Notes from Karl Karnaky, Jr.: I first met David when he joined Dr. Kinter’s group as a Postdoctoral Research Associate at the Mount Desert Island Biological Laboratory (MDIBL) in Salsbury Cove in the summer of 1973, shortly after he had completed his Ph.D. in Biochemistry at the University of Maine in Orono. In what would be a harbinger of the publication rate he achieved during his career; David had already published five papers when he arrived at MDIBL [30,31,32,33,34]. I had not known David more than 2 min when he told me his middle initial, “S”, stood for “Superb”. That was my introduction to David’s humorous side, which I have enjoyed all these years. We have been sharing and still are sharing a ton of jokes up until this present day. This “superb” label turned out to be prophetic as David published a long list of important papers.

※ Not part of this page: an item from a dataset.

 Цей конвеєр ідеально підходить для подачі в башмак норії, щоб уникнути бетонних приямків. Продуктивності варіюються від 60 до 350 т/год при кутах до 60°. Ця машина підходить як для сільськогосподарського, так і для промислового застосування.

During David’s 3 years as a postdoctoral research associate, I was able to interact with him on a daily basis. Although most of David’s research interests during my postdoctoral years at MDIBL (1972–1976) were different from mine, I did get the chance to collaborate with him and Larry Renfro on a study in which we localized the critical transporting enzyme, Na⁺/K⁺-ATPase, in winter flounder urinary bladder using ³H-ouabain autoradiography. During the very rough draft stage of writing, one of the three authors submitted a very long paragraph that lumbered and collapsed of its own accord. David wrote next to the paragraph the phrase: “E pluribus unum” (“One out of many”).

The specific projects that David worked on starting as a postdoctoral fellow focused on transport processes, the cause of eggshell thinning, and the effects of various xenobiotic molecules on biological processes. David started this long list of publications with a 1975 paper in Nature [1]. This study focused on prolonged eggshell thinning caused by DDE in the duck. It was the start of a productive collaboration with David Peakall and William B. Kinter.

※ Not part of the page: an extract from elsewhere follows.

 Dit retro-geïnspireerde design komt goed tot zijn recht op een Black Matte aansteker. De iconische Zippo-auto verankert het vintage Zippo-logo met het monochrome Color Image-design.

I left MDIBL for my first position at Temple Medical School in Philadelphia in September 1976 but came back for summer research until 1980. By that time, I was working on a separate project and did not collaborate with David. I returned to summer research in 1989 with a Markey Foundation Grant from MDIBL and was able to return for summer research there a number of years until 2002 with the help of the Salsbury Cove Research Fund. By this time, David was deeply involved in organic anion secretion processes and was utilizing the powerful tool of the confocal fluorescence microscope. This instrument could detect and help quantify transport of fluorescent xenobiotic molecules and David was a master at extracting data from biological tissues with this device. David, Rosalinde Masereeuw, John Henson, and I exploited this technique to detect the excretory transport of xenobiotics by dogfish shark rectal gland tubules [5]. We continued our studies of the shark rectal gland tubules with a paper on the regulation of a specific xenobiotic transporter, MRP2 [35]. During some of these summers, we also examined xenobiotic transporter activity in cricket Malpighian tubules. These studies culminated in a review article entitled “The xenobiotic transporter, MRP2, in epithelia from insects, sharks, and the human breast: implications for health and disease” [36]. We found that Mrp2 is present at the apical membrane of human breast ductules suggesting that Mrp2 transports carcinogens into the lumens of these ductules. Collaborating with David helped me develop some of my ideas and consequently secure several grants on this topic. In 2001, I invited David to give the keynote speech at an annual mini symposium, “Epithelial metabolism and transport of xenobiotic and endogenous molecules” that I organized in my Cell Biology and Anatomy Department at the Medical University of South Carolina.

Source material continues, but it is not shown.